In the lecture notes [A brief introduction to Dirac manifolds][1], Henrique Bursztyn
 recall the notion of a Courant bracket on section of the generalised tangent bundle $TM\oplus T^*M$.

For $X+\xi, Y+\eta\in \Gamma(M,TM\oplus T^*M)$, the Courant bracket is given by 

$$[X+\xi, Y+\eta]=[X,Y]+L_X\eta-L_Y\xi+\frac{1}{2}d(\xi(Y)-\eta(X)).$$

It also mentions that, 

> One may alternatively use, instead of (3.2), the non-skew-symmetric bracket
$$((X,\alpha),(Y,\beta))\mapsto ([X,Y],L_X\beta − i_Y d\alpha)$$ for condition (ii); (3.2) is the skew-symmetrization of this bracket, and a simple computation shows that both brackets agree on sections of subbundles satisfying (i).

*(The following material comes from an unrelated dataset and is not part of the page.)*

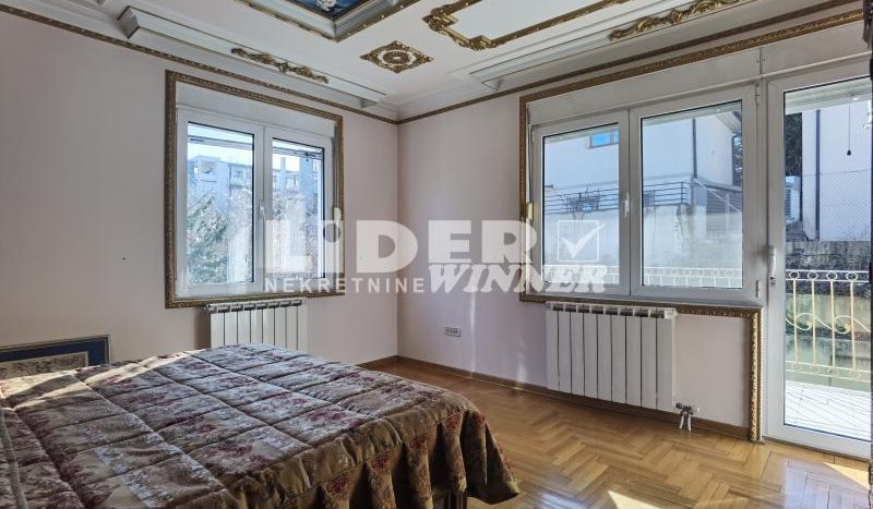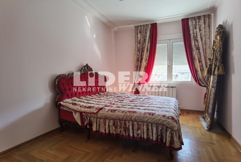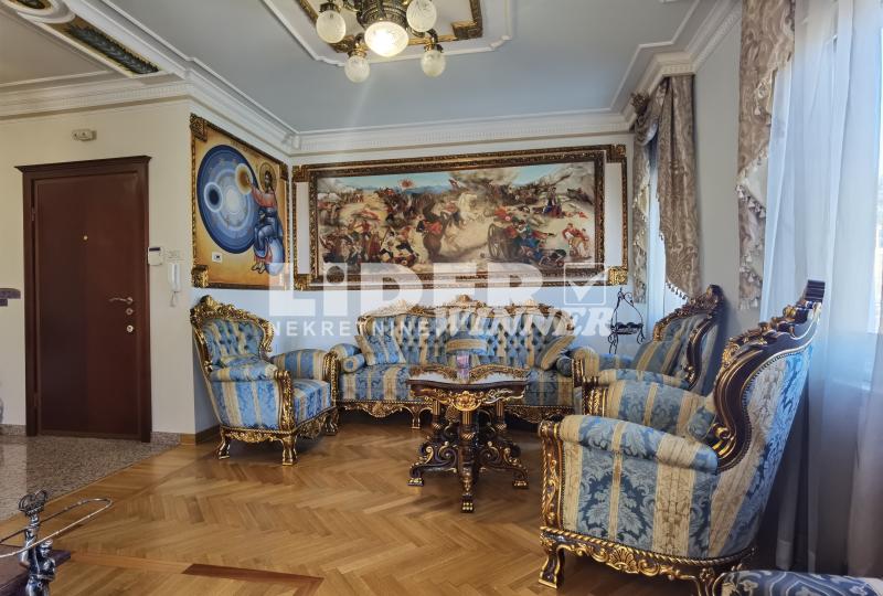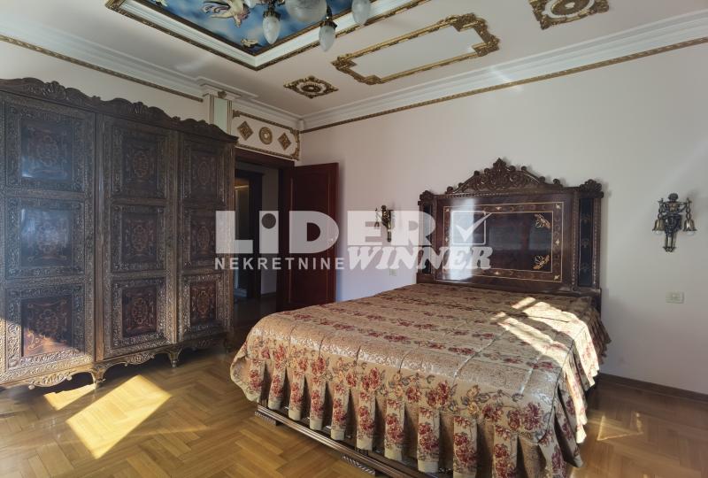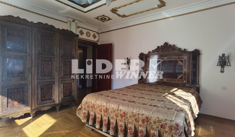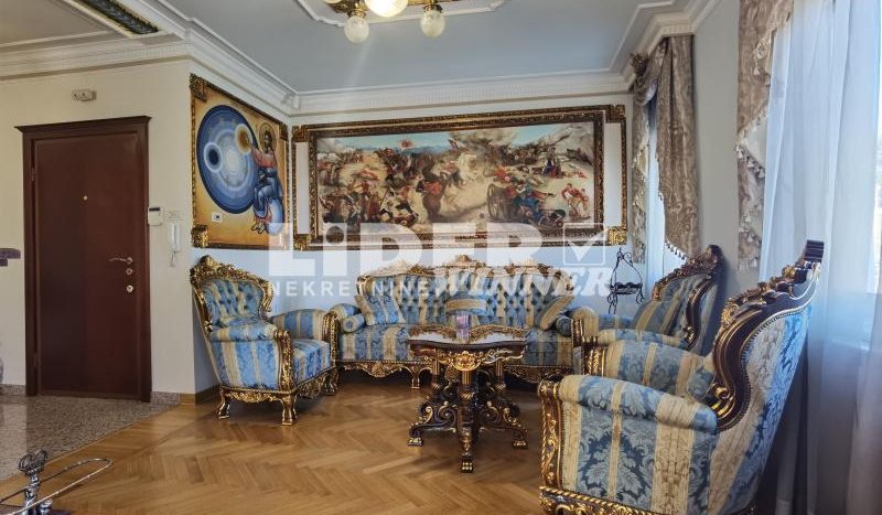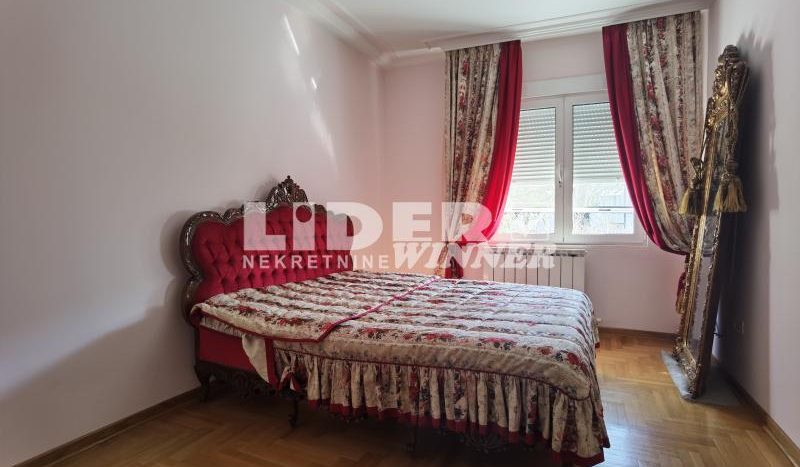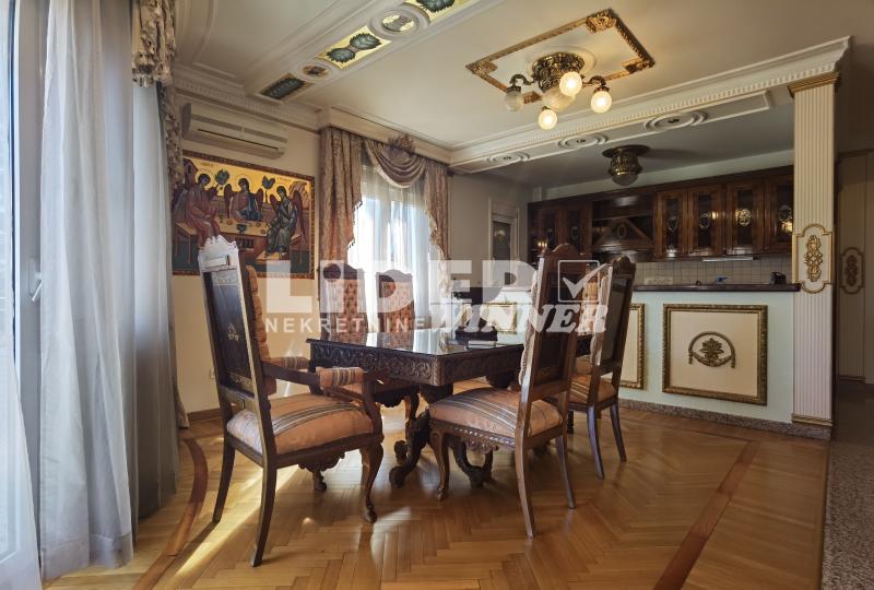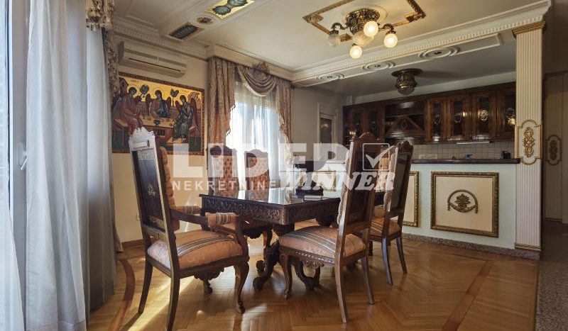 Na Dedinju kod Belog dvora nalazi se ovaj lux stan četvorosoban po strukturi. Kompletno namešten posebnim komadima stilskog nameštaja , umetničkih slika. Odlično organizovan sastoji se iz antrea , gostinjskog toaleta , dnevnog boravka, trpezarije, kuhinje, tri spavaće sobe, kupatilom a poseban deo čini sauna sa tuš kabinom kao mestom za relaksaciju i odmor. Stanu pripadaju garazno mesto, parking mesto i ostava. agencijska provizija 50%

In the lecture  [Introduction to Poisson geometry and Lie algebroids][2] Eckhard Meinrenken defines (7 mins to 10 mins) Courant bracket as $((X,\alpha),(Y,\beta))\mapsto ([X,Y],L_X\beta − i_Y d\alpha)$ instead of $[X+\xi, Y+\eta]\mapsto ([X,Y], L_X\eta-L_Y\xi+\frac{1}{2}d(\xi(Y)-\eta(X))$.

He said the following:

> "a weird formula which takes some time to get used to". 

> "I prefer to work with the bracket that is not skew-symmetric."

> "There are some ways of motivating why this is the right  formula, but we do not have time to do that"


So, I would like to understand the motivation in considering this non skew-symmetric bracket.

Please suggest some  references that gives motivation for this.

  [1]: https://arxiv.org/pdf/1112.5037.pdf
  [2]: https://mediaserver.unige.ch/play/95558